Eduflack is going to assume that Clinton just wowed AFT during the interview process, discussing those bold plans and awing them with her discussion of how she would deal with those key priorities.  Now she’s won their endorsement, and the organizational prowess, resources, and support that come with it.

But it’s got me scratching my head.  For those of us watching from the cheap seats, what exactly is Hillary Clinton’s education platform?  Visit her website, and you don’t even see “education” in her issues menu.  Take some time to explore, and in the “Supporting Parents and Caring for Children” list, you’ll find a bullet to attract and retain good teachers and principals, one to improve NCLB and a bullet increasing access to high-quality early education (a plank she has been quite vocal on and should be credited for).  But those issues are part of a laundry list that includes care for elderly Americans, support for “kinship families,” and opposition to sex and violence in the media.
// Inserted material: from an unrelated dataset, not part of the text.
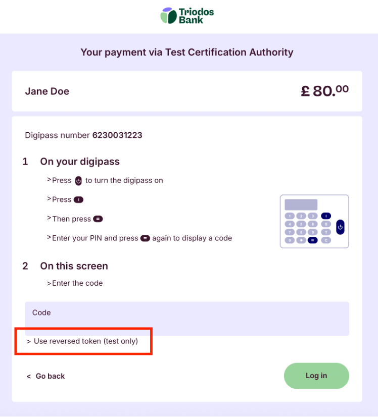 On the token login screen select the "Use reverse token (test only)" button below the input field to complete the authorisation process: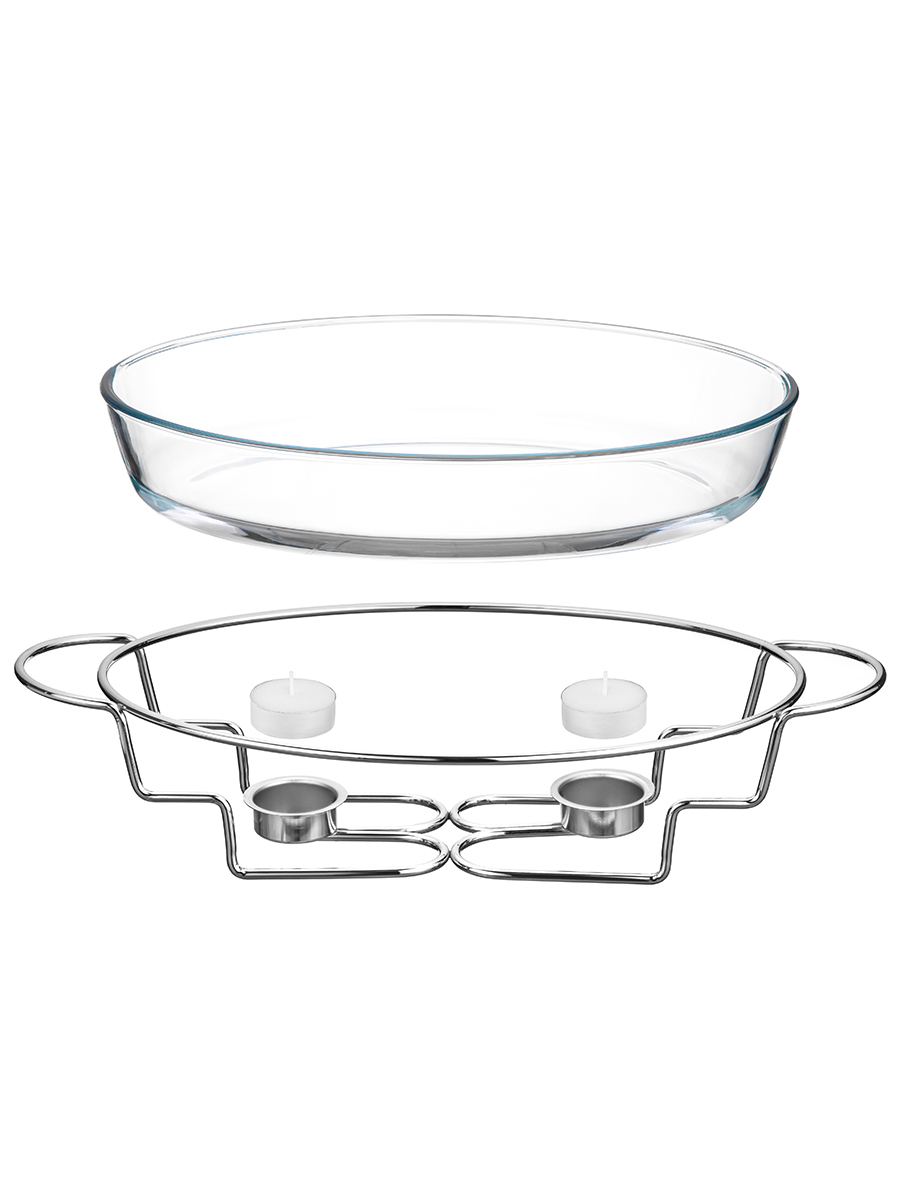 Мармит 3 л 43,5*24,5*19 см "Овальный" с крышкой из нержавеющей стали, на подставке, стекло

We all talk about the importance of education.  About the need to improve our schools.  About the need to give every child a chance.  And about how high-quality education affects everything from jobs to healthcare to justice to environment.  Many of us cite education as the top domestic issue this nation faces.  And national polls seem to regularly put it in the list of top fives issues, foreign or domestic.

So if it is so important, why are we still hearing so little of it from presidential candidates?  What platform did Clinton offer to win the support of AFT?  What changes would she make to improve NCLB?  What commitments will she make to attract and retain good teachers?  Does she support merit pay?  What about alternative certification programs?  How about multiple measures of progress?  What interventions does she support to increase the graduation rate?  What is the platform?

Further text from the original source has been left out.